**PROBLEM REQUIREMENTS**
What is needed is an exact transcription of every entry below, with the pictures left out.
# # #
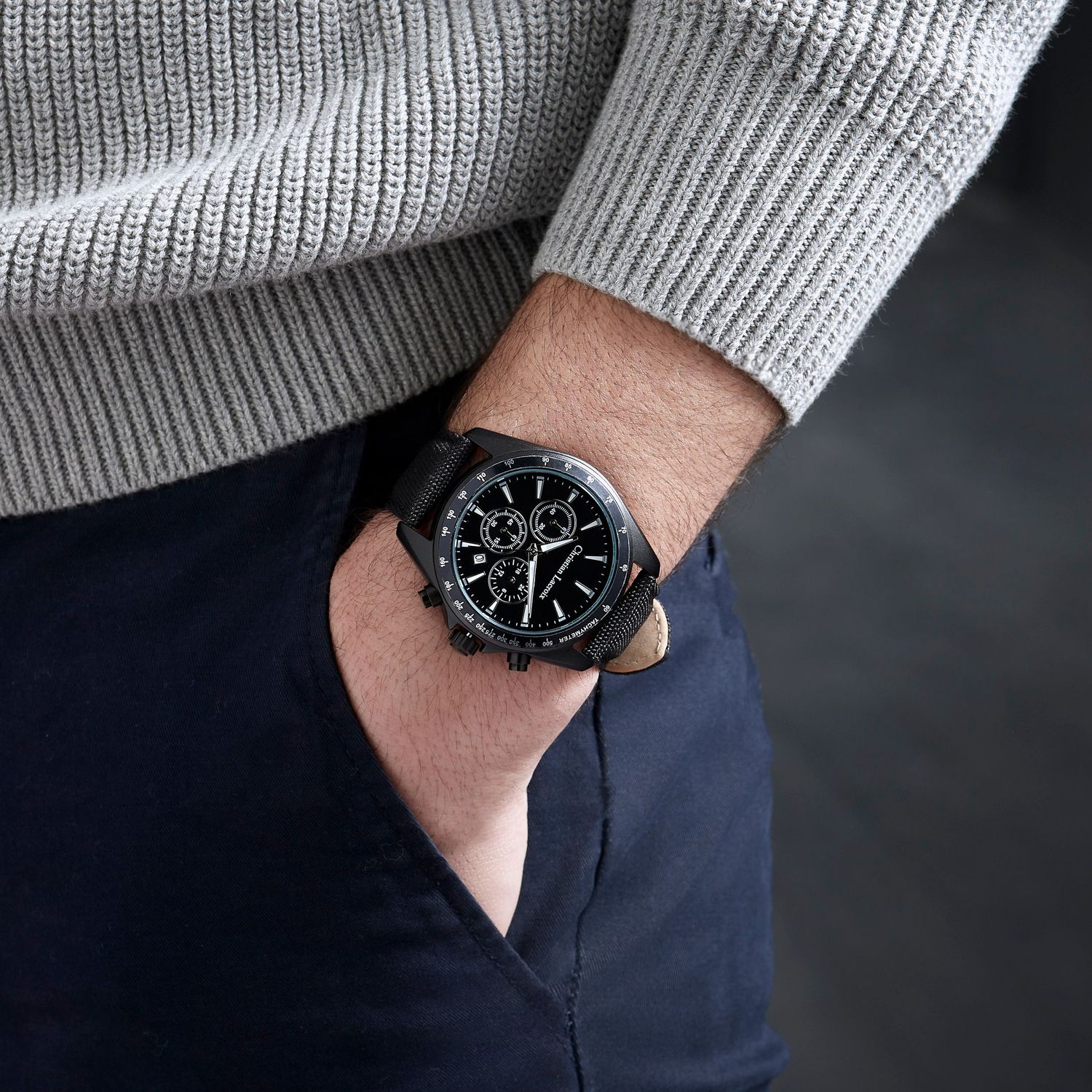 Przedstawiamy zegarek „Caprio” marki Christian Lacroix, nowoczesny i modny czasomierz zaprojektowany dla osób o wymagającym guście. Ta wersja posiada specjalną bransoletę z tkaniny i prawdziwej skóry, oferując wyjątkowy i luksusowy akcent. Całkowicie czarny design w połączeniu ze srebrnymi detalami na tarczy emanuje współczesnym wyrafinowaniem. Dzięki zaangażowaniu tej samej marki w jakość, zegarek „Caprio” jest idealnym połączeniem stylu i innowacji. Podnieś swoją odzież na nadgarstek dzięki temu charakterystycznemu i nowoczesnemu zegarkowi od Christian Lacroix.
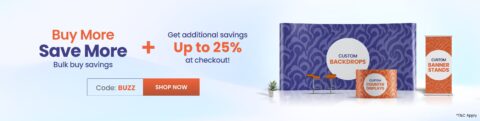 This coupon is valid on Table Covers, Banners, Stand, Displays, and More
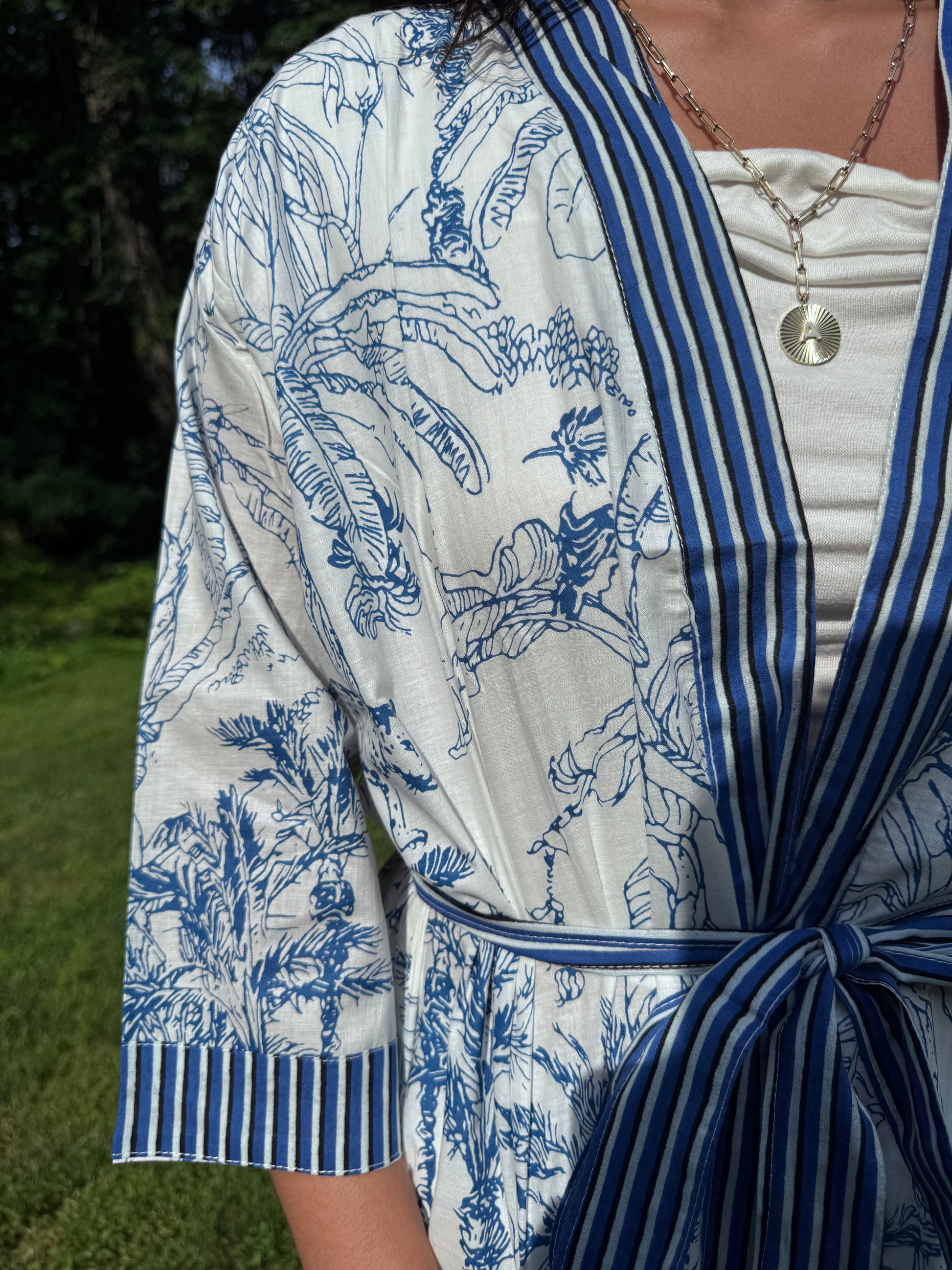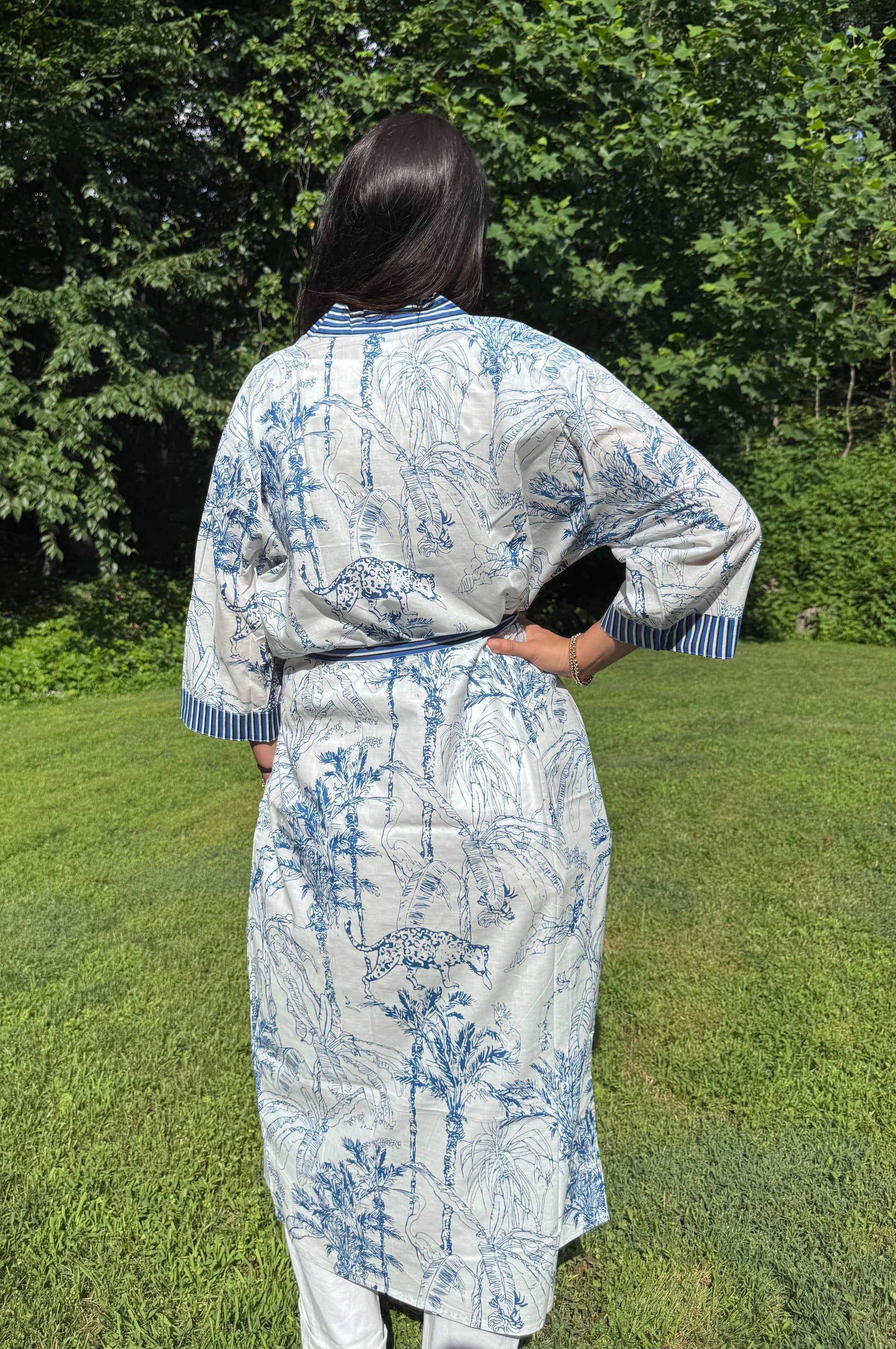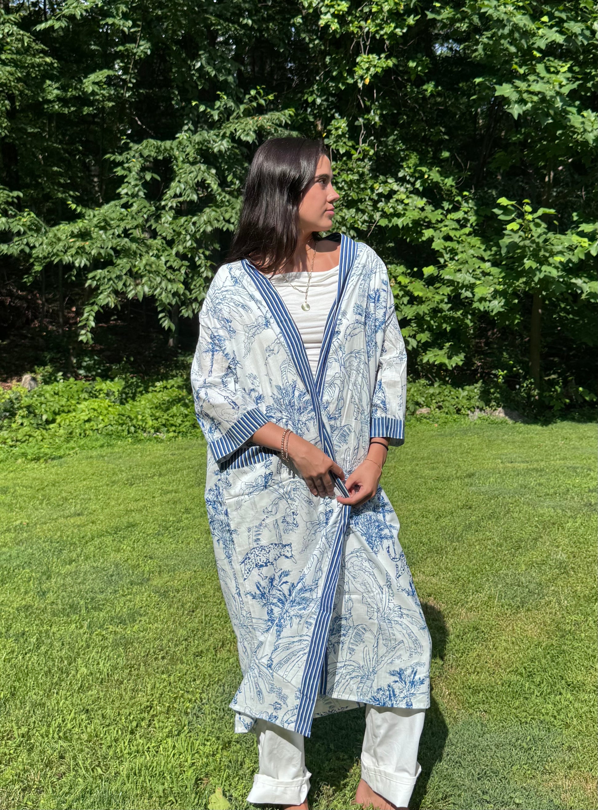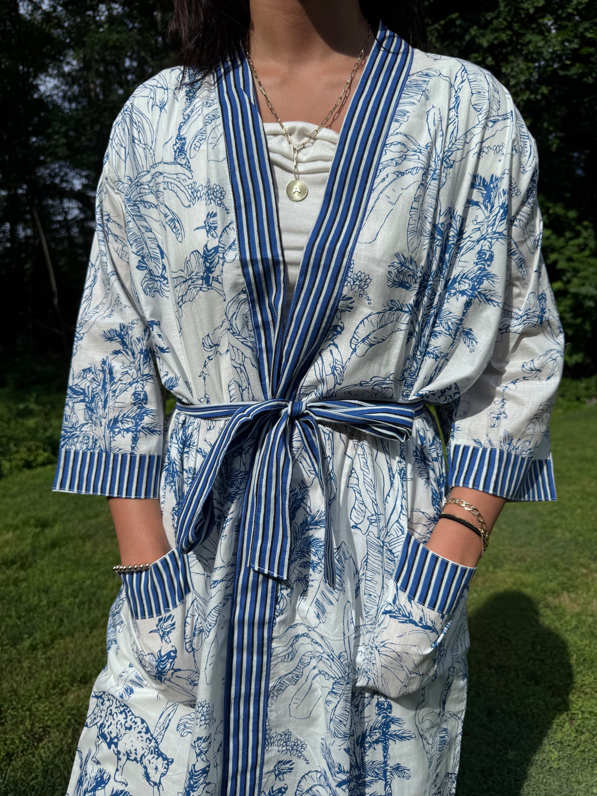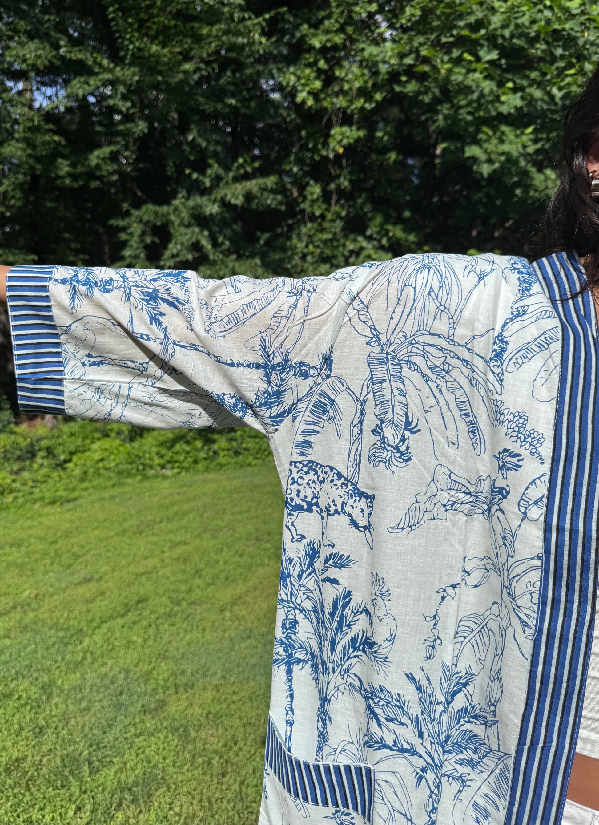 Our exquisite hand-block printed cotton kimono robe is the ultimate piece for all your lounging needs. Made from high-quality cotton, this versatile garment can be used as a dressing gown, beach cover-up, or even lounge wear.
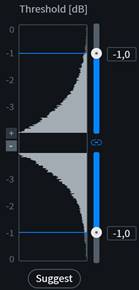 Между регуляторами порога для верхней и нижней полуволн расположена кнопка Link . По умолчанию она включена, поэтому верхний и нижний порог изменяются синхронно. При отключении Link верхний и нижний пороги настраиваются независимо друг от друга. Такой режим полезен если амплитуды положительных и отрицательных полуволн несимметричны и имеют разный уровень перегрузки.
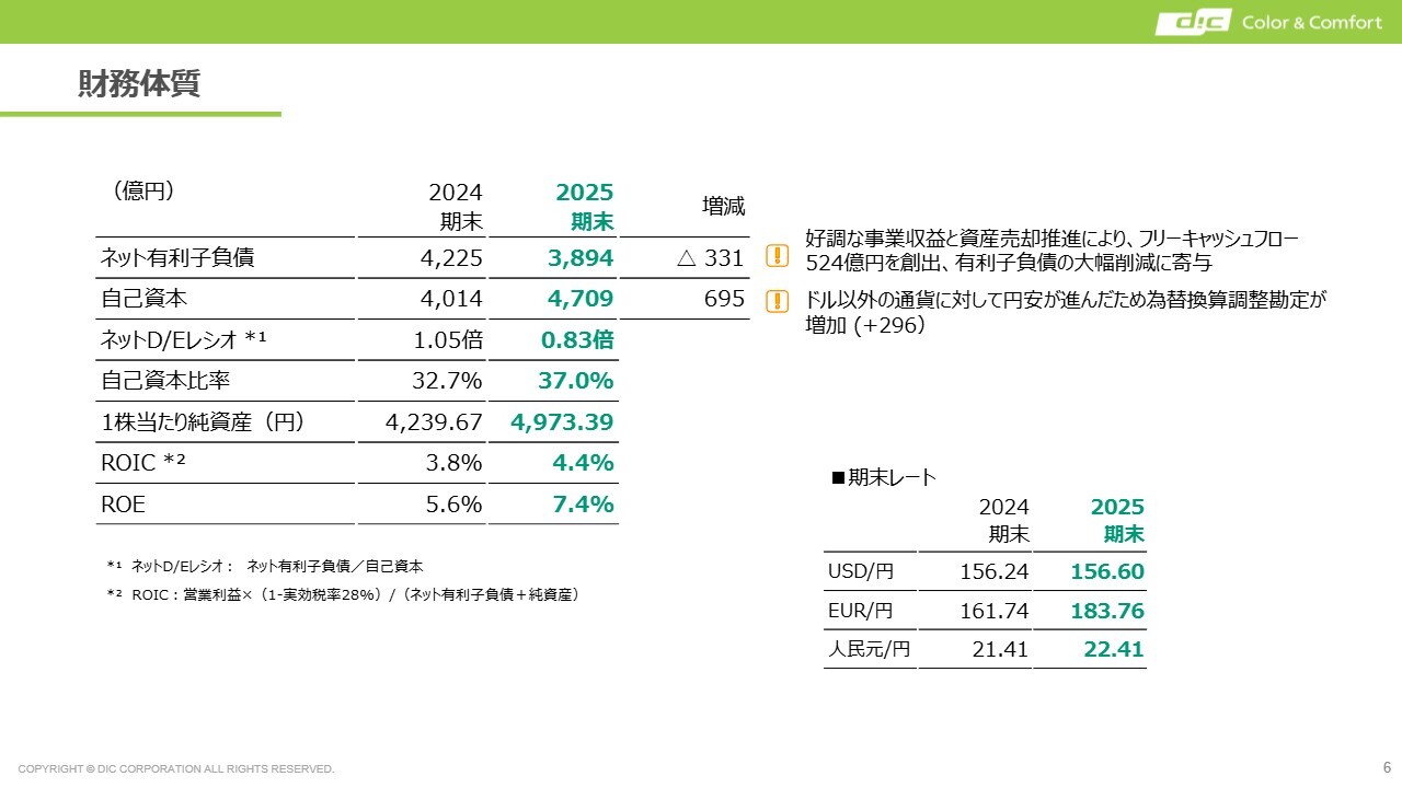 スライドには記載のない主要通貨も、おおむね円安が進行し、これにより先ほどの為替換算調整勘定にプラスの影響を与えました。その結果、ネットD/Eレシオは2024年度の1.05倍から2025年度には0.83倍へと大きく改善し、自己資本比率も37.0パーセントまで上昇しています。
# # #
**REPLY TO THE EXERCISE**
 Przedstawiamy zegarek „Caprio” marki Christian Lacroix, nowoczesny i modny czasomierz zaprojektowany dla osób o wymagającym guście. Ta wersja posiada specjalną bransoletę z tkaniny i prawdziwej skóry, oferując wyjątkowy i luksusowy akcent. Całkowicie czarny design w połączeniu ze srebrnymi detalami na tarczy emanuje współczesnym wyrafinowaniem. Dzięki zaangażowaniu tej samej marki w jakość, zegarek „Caprio” jest idealnym połączeniem stylu i innowacji. Podnieś swoją odzież na nadgarstek dzięki temu charakterystycznemu i nowoczesnemu zegarkowi od Christian Lacroix.
 This coupon is valid on Table Covers, Banners, Stand, Displays, and More
 Our exquisite hand-block printed cotton kimono robe is the ultimate piece for all your lounging needs. Made from high-quality cotton, this versatile garment can be used as a dressing gown, beach cover-up, or even lounge wear.
 Между регуляторами порога для верхней и нижней полуволн расположена кнопка Link . По умолчанию она включена, поэтому верхний и нижний порог изменяются синхронно. При отключении Link верхний и нижний пороги настраиваются независимо друг от друга. Такой режим полезен если амплитуды положительных и отрицательных полуволн несимметричны и имеют разный уровень перегрузки.
 スライドには記載のない主要通貨も、おおむね円安が進行し、これにより先ほどの為替換算調整勘定にプラスの影響を与えました。その結果、ネットD/Eレシオは2024年度の1.05倍から2025年度には0.83倍へと大きく改善し、自己資本比率も37.0パーセントまで上昇しています。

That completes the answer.